Input records Block Start
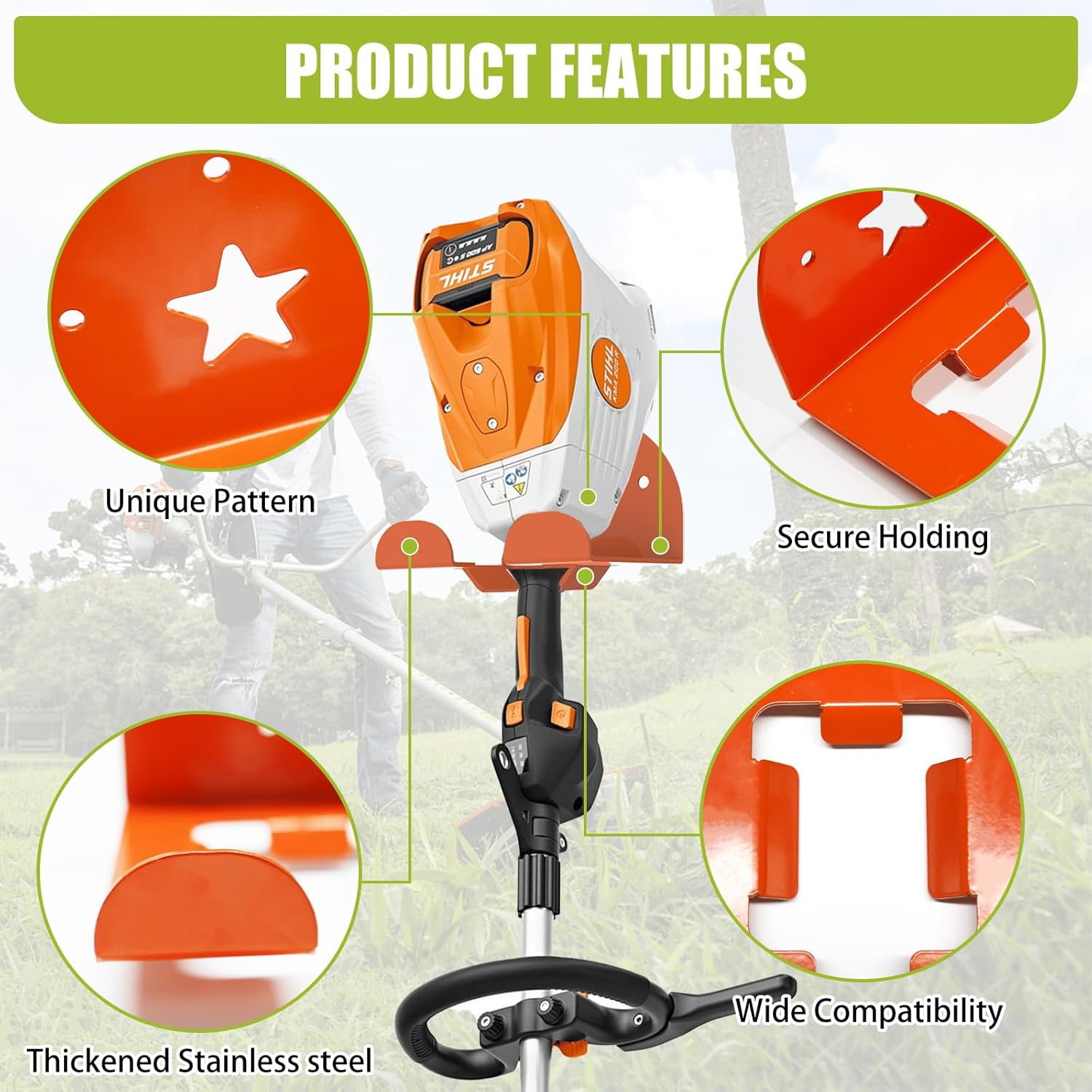 - 【Heavy Duty】The trimmer rack is made of alloy steel(300LB load capacity),which can stably hold your equipment. Each bracket features a durable orange powder coating and is paired with accessories coated in a black anti-rust layer, easily withstanding harsh environments such as humid garages and windy, rainy gardens, while providing water and rust resistance.
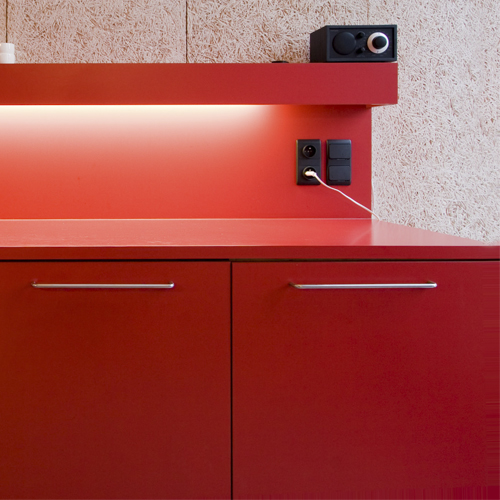 The two-storey high steel framework can be opened entirely thus connecting the living room completely to the city garden.
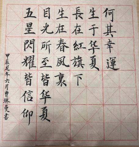此次书法比赛,不仅是一次书法与诗词艺术的交流盛会,更是深化学生对中华民族优秀传统文化认识、增强民族自豪感和归属感的重要途径。通过书法与诗词这一独特形式,学生们不仅锻炼了自身的艺术修养,更深刻理解了“中华民族共同体”的内涵,激发了为构建中华民族共有精神家园贡献力量的热情。(文/水电院学生会文艺部,图/参赛选手)
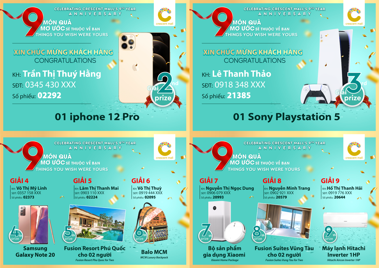 Woohoo… Crescent Mall xin chúc mừng Khách hàng may mắn sau đã thắng giải chương trình “MỪNG SINH NHẬT 9 NĂM THÀNH LẬP - 9 MÓN QUÀ MƠ ƯỚC SẼ THUỘC VỀ BẠN"
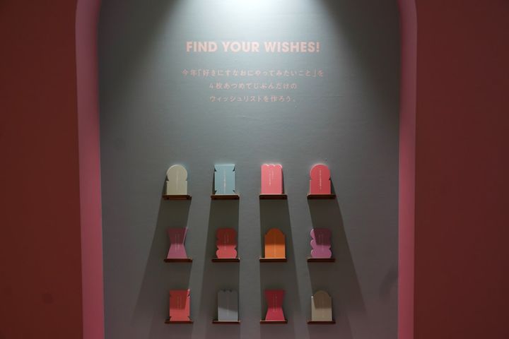 ピンクと水色を基調とした空間には長さ約30mもの巨大なウィッシュリストが設置され、今年やってみたいことや気になるテーマを探すことができます。
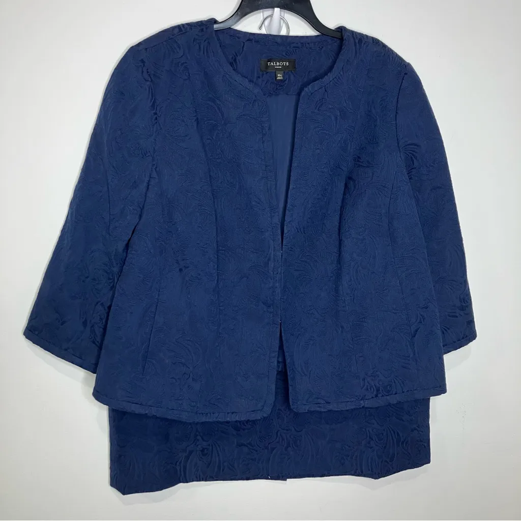 Talbots navy blue jacquard blazer & skirt set women’s size 18W professional Very good preowned con... Show more
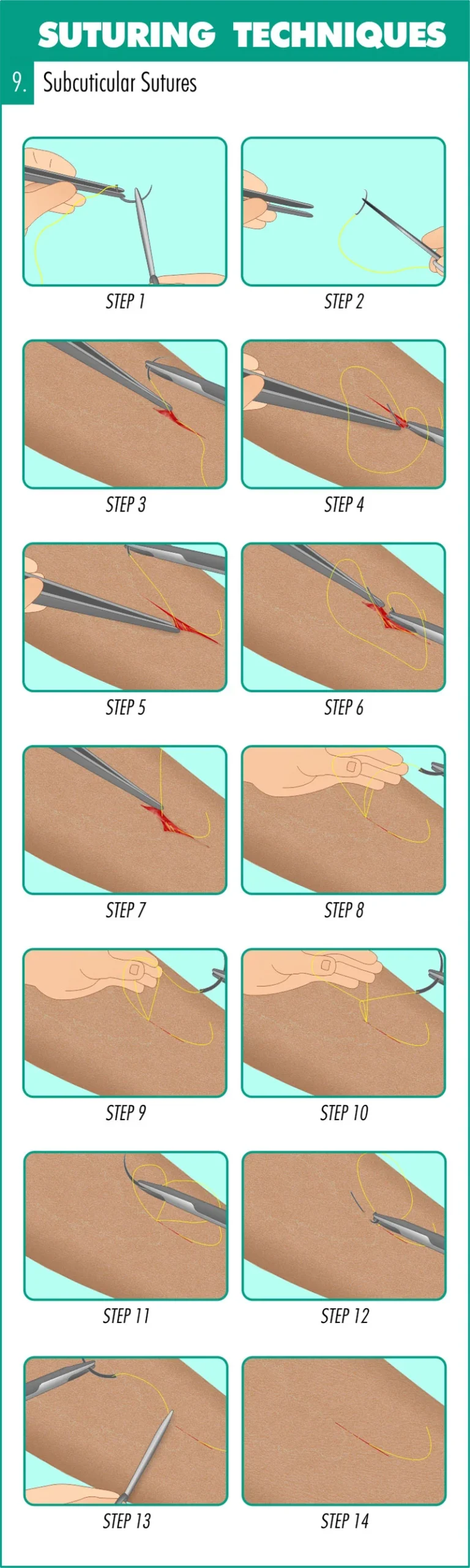 - Subcuticular Suture: Often used for closing skin incisions in a cosmetic way, this technique is placed just beneath the skin to minimize scarring.
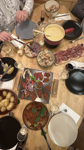 Nous nous sommes presque cru à la maison entre la décoration originale, la sympathie des serveurs, la musique de fond pas trop forte et les bons four rire entres amis autour d'un fromage qui cuit.
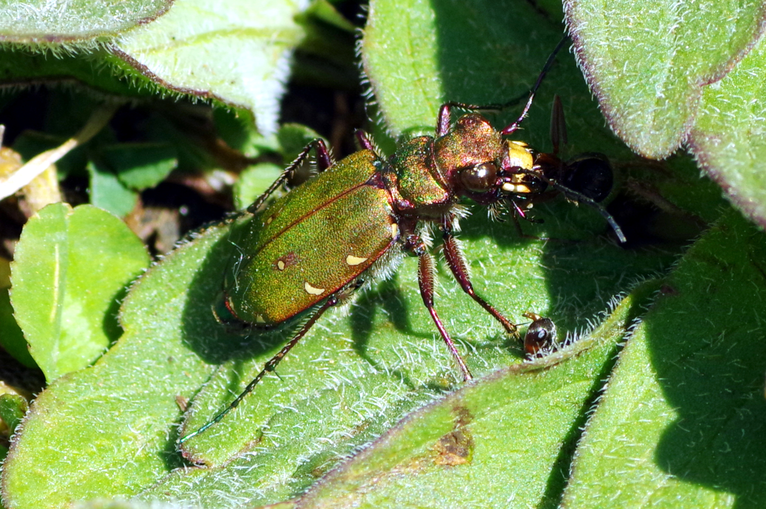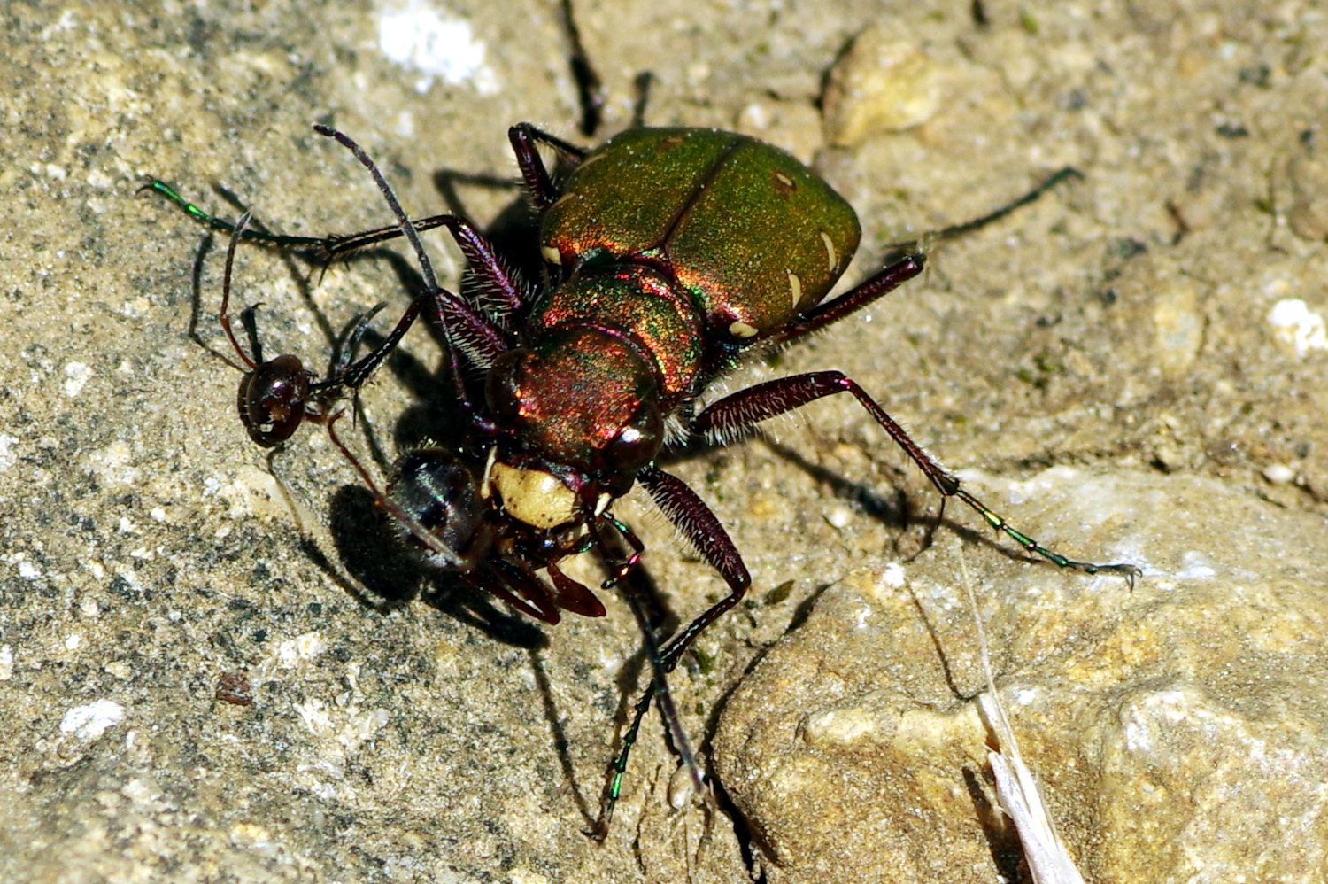 Ce coléoptère est un prédateur qui chasse avec agilité, à la course, au vol, parfois des vols très courts, comme des sauts. Il cisaille ses proies avec ses pinces. On le voit aux heures les plus ensoleillées.
Input records Block End
_What is expected_
Only one stretch of the material above is wanted: the line containing "ピンクと水色を基調とした空間" through the line containing "- Subcuticular Suture: Often". Restate it word for word, minus the pictures.

_Response to this exercise_
 ピンクと水色を基調とした空間には長さ約30mもの巨大なウィッシュリストが設置され、今年やってみたいことや気になるテーマを探すことができます。
 Talbots navy blue jacquard blazer & skirt set women’s size 18W professional Very good preowned con... Show more
 - Subcuticular Suture: Often used for closing skin incisions in a cosmetic way, this technique is placed just beneath the skin to minimize scarring.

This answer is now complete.